To win outright, a candidate needs more than 50 per cent of the vote, and at least 25 per cent in 24 of Kenya's 47 counties. If that threshold is not met, a run-off vote between the top two candidates will be triggered.
Voting for the national and local assemblies also took place.
People queued early yesterday to ensure they could cast their vote. Long queues could be seen, and video footage at one polling station showed people injured on the ground after an apparent stampede.
There was also the failure of some voter-identification equipment and one in four polling stations were apparently without mobile phone coverage meaning that officials would have to drive to the nearest town to send results.
There were reports that one man had been killed in clashes in Kilifi area.
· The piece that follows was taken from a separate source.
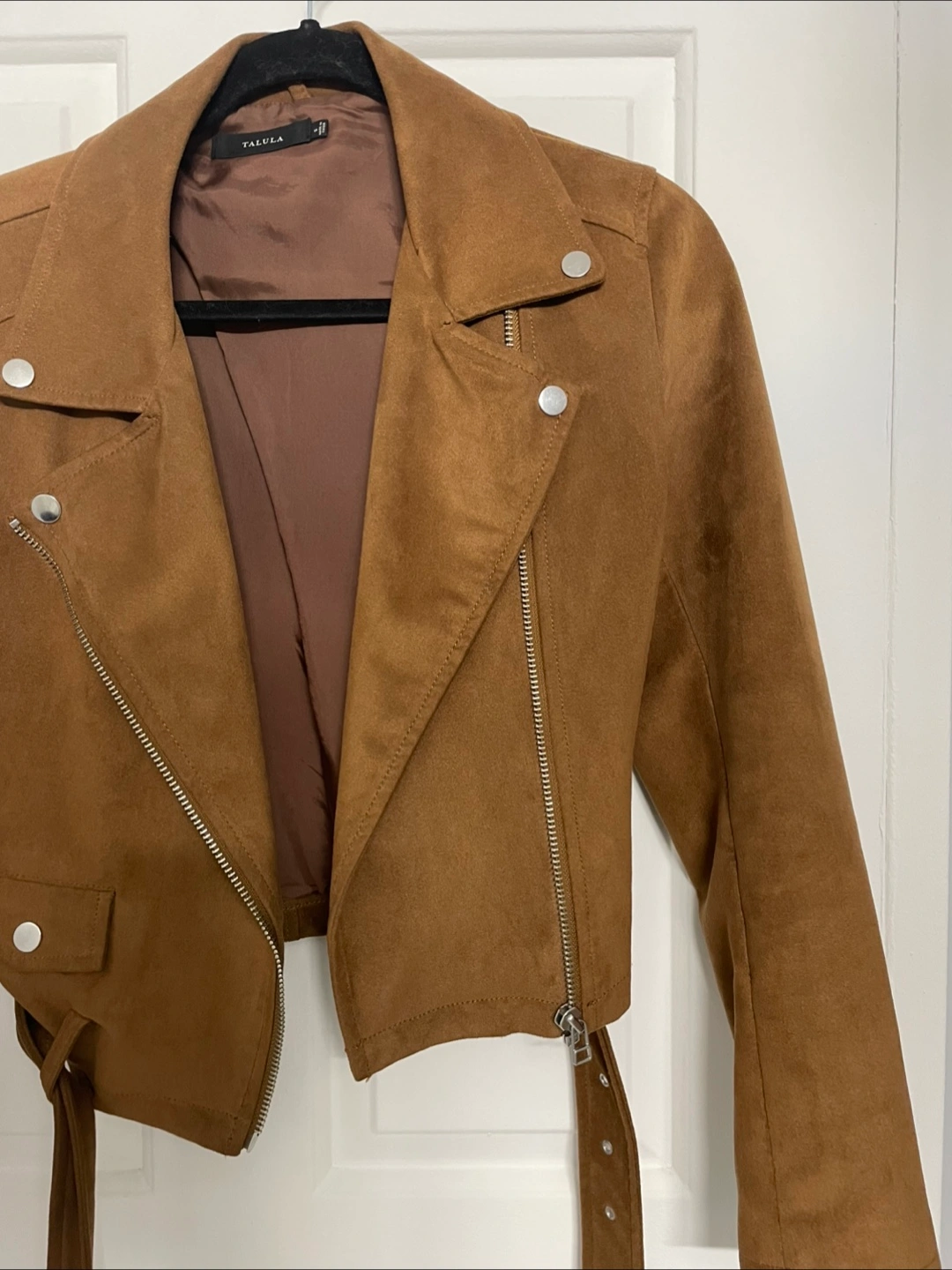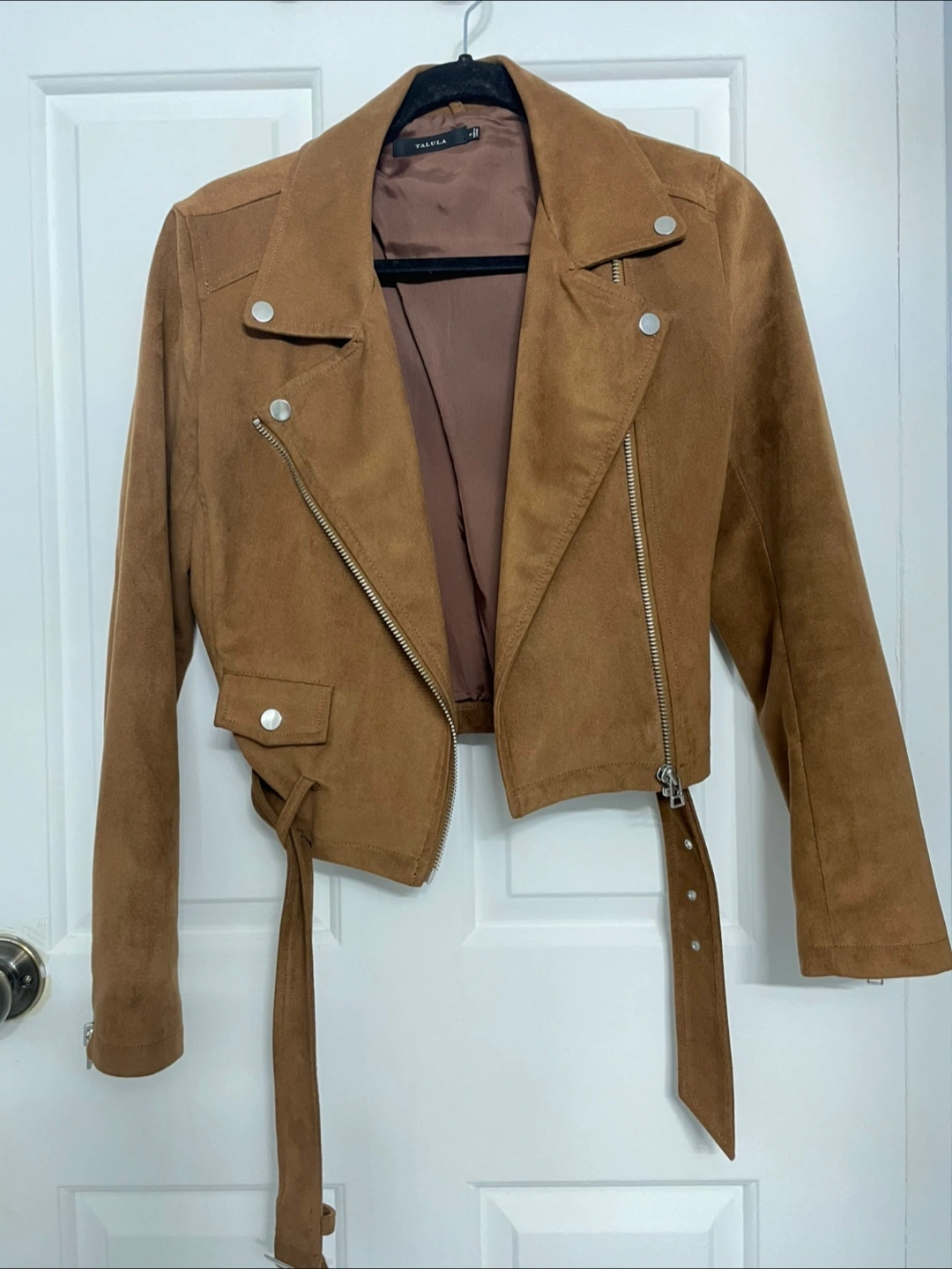 Brown suede Talula biker jacket. Silver zippers and snaps. Size small, fits true to size. Excellent condition, no flaws or damage. Perfect for Fall!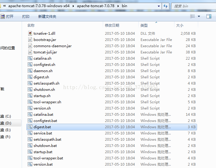 其它文件configtest.bat、version.bat、startup.bat、shutdown.bat就是catalina.bat 拆分的功能

There was one heartening moment when a woman gave birth to a baby girl as she queued in West Pokot to cast her ballot. New mother Pauline Chemanang called the circumstances of the birth a "blessing" and called her baby Kura, Swahili for "ballot", according to local radio.
Casting his vote in his hometown of Gatundu, north of Nairobi, Mr Kenyatta said he would accept the outcome of the election.
"To my competitors, as I have always said, in the event that they lose, let us accept the will of the people. I am willing, myself, to accept the will of the people," he said.
Opposition leader Mr Odinga cast his ballot in the Nairobi slum of Kibera.
Speaking outside the voting centre, he told his supporters: "Let's turn out in large numbers and vote."
So far the elections were said to have gone well, but the queues were long and the voters impatient.
Many arrived in the middle of the night to cast their ballots early and the electronic system took quite a while to verify voters.
When fingerprints didn’t register, ID card numbers were typed in to the electronic tablets and then manual backups were generated.
The Independent Electoral and Boundaries Commission had the responsibility to deliver a free and fair election.
The test will come when the polls close, the votes are counted and the results have to be transmitted to the tallying centres.
Mr Odinga, 72, has run for president three times and lost each time. President Kenyatta, the 55-year-old son of Kenya's founding president, beat him in the last election in 2013, but their rivalry is generations old - their fathers were political opponents in the 1960s.
Mr Kenyatta and his running-mate William Ruto were indicted by the International Criminal Court for their alleged roles in the bloodshed a decade ago. The case ultimately collapsed due to lack of evidence, and after key witnesses died or disappeared.